■ **Directions for this task**:
Please output the lines shown below exactly as they appear.

━━ Materials provided

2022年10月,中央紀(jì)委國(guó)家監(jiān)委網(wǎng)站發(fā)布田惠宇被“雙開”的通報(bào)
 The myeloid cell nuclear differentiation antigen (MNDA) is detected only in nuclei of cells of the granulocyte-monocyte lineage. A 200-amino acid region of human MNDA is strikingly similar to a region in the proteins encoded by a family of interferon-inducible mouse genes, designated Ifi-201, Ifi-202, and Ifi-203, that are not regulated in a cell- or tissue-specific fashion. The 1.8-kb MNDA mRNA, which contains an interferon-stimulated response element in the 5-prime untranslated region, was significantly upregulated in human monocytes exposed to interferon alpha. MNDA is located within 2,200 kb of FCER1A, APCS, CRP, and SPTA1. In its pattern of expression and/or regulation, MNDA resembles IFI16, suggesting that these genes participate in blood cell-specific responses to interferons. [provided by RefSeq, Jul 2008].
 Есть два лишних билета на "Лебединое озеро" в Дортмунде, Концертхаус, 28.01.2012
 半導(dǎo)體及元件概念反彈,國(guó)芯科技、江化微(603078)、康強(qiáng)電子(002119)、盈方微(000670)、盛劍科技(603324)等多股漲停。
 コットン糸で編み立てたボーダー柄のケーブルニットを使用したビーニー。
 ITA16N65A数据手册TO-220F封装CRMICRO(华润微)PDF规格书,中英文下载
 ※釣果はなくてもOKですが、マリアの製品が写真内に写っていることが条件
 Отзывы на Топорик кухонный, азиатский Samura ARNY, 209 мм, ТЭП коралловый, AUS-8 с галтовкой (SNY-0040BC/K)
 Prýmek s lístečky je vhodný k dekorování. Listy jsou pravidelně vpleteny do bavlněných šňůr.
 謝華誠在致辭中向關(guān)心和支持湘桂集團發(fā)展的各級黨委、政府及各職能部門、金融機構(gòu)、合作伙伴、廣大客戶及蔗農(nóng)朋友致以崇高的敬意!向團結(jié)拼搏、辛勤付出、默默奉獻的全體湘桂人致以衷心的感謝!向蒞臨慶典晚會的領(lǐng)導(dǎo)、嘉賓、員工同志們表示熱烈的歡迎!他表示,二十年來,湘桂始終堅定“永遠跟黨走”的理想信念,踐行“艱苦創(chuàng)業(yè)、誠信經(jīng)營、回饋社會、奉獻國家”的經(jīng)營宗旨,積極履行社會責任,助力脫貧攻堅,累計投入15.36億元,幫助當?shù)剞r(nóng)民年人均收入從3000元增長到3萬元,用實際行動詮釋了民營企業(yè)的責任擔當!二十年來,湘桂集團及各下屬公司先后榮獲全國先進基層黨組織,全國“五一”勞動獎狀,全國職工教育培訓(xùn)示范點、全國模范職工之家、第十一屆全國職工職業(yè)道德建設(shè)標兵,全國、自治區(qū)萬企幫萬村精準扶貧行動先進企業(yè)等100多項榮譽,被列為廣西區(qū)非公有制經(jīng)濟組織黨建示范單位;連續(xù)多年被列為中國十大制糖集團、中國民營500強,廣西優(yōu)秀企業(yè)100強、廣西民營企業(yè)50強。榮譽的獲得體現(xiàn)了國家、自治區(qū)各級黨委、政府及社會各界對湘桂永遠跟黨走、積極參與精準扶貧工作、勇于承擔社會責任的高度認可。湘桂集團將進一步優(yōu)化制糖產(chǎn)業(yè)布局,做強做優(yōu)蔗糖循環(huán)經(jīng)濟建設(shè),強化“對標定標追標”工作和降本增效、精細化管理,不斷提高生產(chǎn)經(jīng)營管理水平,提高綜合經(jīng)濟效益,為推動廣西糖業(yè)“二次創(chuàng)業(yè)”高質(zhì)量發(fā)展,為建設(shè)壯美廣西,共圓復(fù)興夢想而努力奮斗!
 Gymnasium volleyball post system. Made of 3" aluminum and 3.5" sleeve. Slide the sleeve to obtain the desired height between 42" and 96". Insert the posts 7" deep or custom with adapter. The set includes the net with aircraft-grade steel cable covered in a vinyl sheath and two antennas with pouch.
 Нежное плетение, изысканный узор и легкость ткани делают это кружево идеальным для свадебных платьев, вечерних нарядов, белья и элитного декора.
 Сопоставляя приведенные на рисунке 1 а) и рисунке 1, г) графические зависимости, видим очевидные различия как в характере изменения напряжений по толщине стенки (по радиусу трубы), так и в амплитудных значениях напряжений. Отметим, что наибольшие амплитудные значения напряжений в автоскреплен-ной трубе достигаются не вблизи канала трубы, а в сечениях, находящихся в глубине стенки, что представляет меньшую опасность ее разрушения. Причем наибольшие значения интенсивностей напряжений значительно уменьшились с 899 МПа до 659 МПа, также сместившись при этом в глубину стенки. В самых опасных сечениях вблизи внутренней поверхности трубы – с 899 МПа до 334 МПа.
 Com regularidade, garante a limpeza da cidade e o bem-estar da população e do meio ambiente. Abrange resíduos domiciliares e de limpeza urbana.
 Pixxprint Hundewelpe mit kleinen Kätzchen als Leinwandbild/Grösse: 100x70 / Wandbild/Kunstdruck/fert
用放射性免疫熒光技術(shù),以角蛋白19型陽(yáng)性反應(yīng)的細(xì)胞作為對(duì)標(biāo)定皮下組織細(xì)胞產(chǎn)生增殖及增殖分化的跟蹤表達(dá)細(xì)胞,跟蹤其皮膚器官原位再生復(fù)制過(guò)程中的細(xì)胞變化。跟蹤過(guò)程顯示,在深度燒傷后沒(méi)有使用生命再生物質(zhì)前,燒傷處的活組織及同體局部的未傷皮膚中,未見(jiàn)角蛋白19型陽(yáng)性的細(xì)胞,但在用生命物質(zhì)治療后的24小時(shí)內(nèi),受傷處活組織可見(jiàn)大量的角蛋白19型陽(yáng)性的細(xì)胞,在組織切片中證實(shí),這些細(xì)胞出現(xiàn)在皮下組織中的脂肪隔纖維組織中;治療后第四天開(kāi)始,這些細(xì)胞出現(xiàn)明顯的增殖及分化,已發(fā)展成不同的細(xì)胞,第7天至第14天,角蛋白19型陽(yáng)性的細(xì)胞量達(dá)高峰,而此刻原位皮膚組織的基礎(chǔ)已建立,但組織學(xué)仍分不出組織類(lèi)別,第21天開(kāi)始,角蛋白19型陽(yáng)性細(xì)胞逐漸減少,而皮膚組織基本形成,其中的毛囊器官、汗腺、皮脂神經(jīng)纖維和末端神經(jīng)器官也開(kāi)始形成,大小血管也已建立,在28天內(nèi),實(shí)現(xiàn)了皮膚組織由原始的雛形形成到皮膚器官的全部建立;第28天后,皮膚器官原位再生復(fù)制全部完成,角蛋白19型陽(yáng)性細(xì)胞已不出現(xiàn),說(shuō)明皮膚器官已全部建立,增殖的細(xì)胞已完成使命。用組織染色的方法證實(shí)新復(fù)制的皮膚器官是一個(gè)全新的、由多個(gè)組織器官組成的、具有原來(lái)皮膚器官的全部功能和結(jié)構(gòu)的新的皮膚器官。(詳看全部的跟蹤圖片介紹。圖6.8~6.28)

━━━━

■ **Response**:
2022年10月,中央紀(jì)委國(guó)家監(jiān)委網(wǎng)站發(fā)布田惠宇被“雙開”的通報(bào)
 The myeloid cell nuclear differentiation antigen (MNDA) is detected only in nuclei of cells of the granulocyte-monocyte lineage. A 200-amino acid region of human MNDA is strikingly similar to a region in the proteins encoded by a family of interferon-inducible mouse genes, designated Ifi-201, Ifi-202, and Ifi-203, that are not regulated in a cell- or tissue-specific fashion. The 1.8-kb MNDA mRNA, which contains an interferon-stimulated response element in the 5-prime untranslated region, was significantly upregulated in human monocytes exposed to interferon alpha. MNDA is located within 2,200 kb of FCER1A, APCS, CRP, and SPTA1. In its pattern of expression and/or regulation, MNDA resembles IFI16, suggesting that these genes participate in blood cell-specific responses to interferons. [provided by RefSeq, Jul 2008].
 Есть два лишних билета на "Лебединое озеро" в Дортмунде, Концертхаус, 28.01.2012
 半導(dǎo)體及元件概念反彈,國(guó)芯科技、江化微(603078)、康強(qiáng)電子(002119)、盈方微(000670)、盛劍科技(603324)等多股漲停。
 コットン糸で編み立てたボーダー柄のケーブルニットを使用したビーニー。
 ITA16N65A数据手册TO-220F封装CRMICRO(华润微)PDF规格书,中英文下载
 ※釣果はなくてもOKですが、マリアの製品が写真内に写っていることが条件
 Отзывы на Топорик кухонный, азиатский Samura ARNY, 209 мм, ТЭП коралловый, AUS-8 с галтовкой (SNY-0040BC/K)
 Prýmek s lístečky je vhodný k dekorování. Listy jsou pravidelně vpleteny do bavlněných šňůr.
 謝華誠在致辭中向關(guān)心和支持湘桂集團發(fā)展的各級黨委、政府及各職能部門、金融機構(gòu)、合作伙伴、廣大客戶及蔗農(nóng)朋友致以崇高的敬意!向團結(jié)拼搏、辛勤付出、默默奉獻的全體湘桂人致以衷心的感謝!向蒞臨慶典晚會的領(lǐng)導(dǎo)、嘉賓、員工同志們表示熱烈的歡迎!他表示,二十年來,湘桂始終堅定“永遠跟黨走”的理想信念,踐行“艱苦創(chuàng)業(yè)、誠信經(jīng)營、回饋社會、奉獻國家”的經(jīng)營宗旨,積極履行社會責任,助力脫貧攻堅,累計投入15.36億元,幫助當?shù)剞r(nóng)民年人均收入從3000元增長到3萬元,用實際行動詮釋了民營企業(yè)的責任擔當!二十年來,湘桂集團及各下屬公司先后榮獲全國先進基層黨組織,全國“五一”勞動獎狀,全國職工教育培訓(xùn)示范點、全國模范職工之家、第十一屆全國職工職業(yè)道德建設(shè)標兵,全國、自治區(qū)萬企幫萬村精準扶貧行動先進企業(yè)等100多項榮譽,被列為廣西區(qū)非公有制經(jīng)濟組織黨建示范單位;連續(xù)多年被列為中國十大制糖集團、中國民營500強,廣西優(yōu)秀企業(yè)100強、廣西民營企業(yè)50強。榮譽的獲得體現(xiàn)了國家、自治區(qū)各級黨委、政府及社會各界對湘桂永遠跟黨走、積極參與精準扶貧工作、勇于承擔社會責任的高度認可。湘桂集團將進一步優(yōu)化制糖產(chǎn)業(yè)布局,做強做優(yōu)蔗糖循環(huán)經(jīng)濟建設(shè),強化“對標定標追標”工作和降本增效、精細化管理,不斷提高生產(chǎn)經(jīng)營管理水平,提高綜合經(jīng)濟效益,為推動廣西糖業(yè)“二次創(chuàng)業(yè)”高質(zhì)量發(fā)展,為建設(shè)壯美廣西,共圓復(fù)興夢想而努力奮斗!
 Gymnasium volleyball post system. Made of 3" aluminum and 3.5" sleeve. Slide the sleeve to obtain the desired height between 42" and 96". Insert the posts 7" deep or custom with adapter. The set includes the net with aircraft-grade steel cable covered in a vinyl sheath and two antennas with pouch.
 Нежное плетение, изысканный узор и легкость ткани делают это кружево идеальным для свадебных платьев, вечерних нарядов, белья и элитного декора.
 Сопоставляя приведенные на рисунке 1 а) и рисунке 1, г) графические зависимости, видим очевидные различия как в характере изменения напряжений по толщине стенки (по радиусу трубы), так и в амплитудных значениях напряжений. Отметим, что наибольшие амплитудные значения напряжений в автоскреплен-ной трубе достигаются не вблизи канала трубы, а в сечениях, находящихся в глубине стенки, что представляет меньшую опасность ее разрушения. Причем наибольшие значения интенсивностей напряжений значительно уменьшились с 899 МПа до 659 МПа, также сместившись при этом в глубину стенки. В самых опасных сечениях вблизи внутренней поверхности трубы – с 899 МПа до 334 МПа.
 Com regularidade, garante a limpeza da cidade e o bem-estar da população e do meio ambiente. Abrange resíduos domiciliares e de limpeza urbana.
 Pixxprint Hundewelpe mit kleinen Kätzchen als Leinwandbild/Grösse: 100x70 / Wandbild/Kunstdruck/fert
用放射性免疫熒光技術(shù),以角蛋白19型陽(yáng)性反應(yīng)的細(xì)胞作為對(duì)標(biāo)定皮下組織細(xì)胞產(chǎn)生增殖及增殖分化的跟蹤表達(dá)細(xì)胞,跟蹤其皮膚器官原位再生復(fù)制過(guò)程中的細(xì)胞變化。跟蹤過(guò)程顯示,在深度燒傷后沒(méi)有使用生命再生物質(zhì)前,燒傷處的活組織及同體局部的未傷皮膚中,未見(jiàn)角蛋白19型陽(yáng)性的細(xì)胞,但在用生命物質(zhì)治療后的24小時(shí)內(nèi),受傷處活組織可見(jiàn)大量的角蛋白19型陽(yáng)性的細(xì)胞,在組織切片中證實(shí),這些細(xì)胞出現(xiàn)在皮下組織中的脂肪隔纖維組織中;治療后第四天開(kāi)始,這些細(xì)胞出現(xiàn)明顯的增殖及分化,已發(fā)展成不同的細(xì)胞,第7天至第14天,角蛋白19型陽(yáng)性的細(xì)胞量達(dá)高峰,而此刻原位皮膚組織的基礎(chǔ)已建立,但組織學(xué)仍分不出組織類(lèi)別,第21天開(kāi)始,角蛋白19型陽(yáng)性細(xì)胞逐漸減少,而皮膚組織基本形成,其中的毛囊器官、汗腺、皮脂神經(jīng)纖維和末端神經(jīng)器官也開(kāi)始形成,大小血管也已建立,在28天內(nèi),實(shí)現(xiàn)了皮膚組織由原始的雛形形成到皮膚器官的全部建立;第28天后,皮膚器官原位再生復(fù)制全部完成,角蛋白19型陽(yáng)性細(xì)胞已不出現(xiàn),說(shuō)明皮膚器官已全部建立,增殖的細(xì)胞已完成使命。用組織染色的方法證實(shí)新復(fù)制的皮膚器官是一個(gè)全新的、由多個(gè)組織器官組成的、具有原來(lái)皮膚器官的全部功能和結(jié)構(gòu)的新的皮膚器官。(詳看全部的跟蹤圖片介紹。圖6.8~6.28)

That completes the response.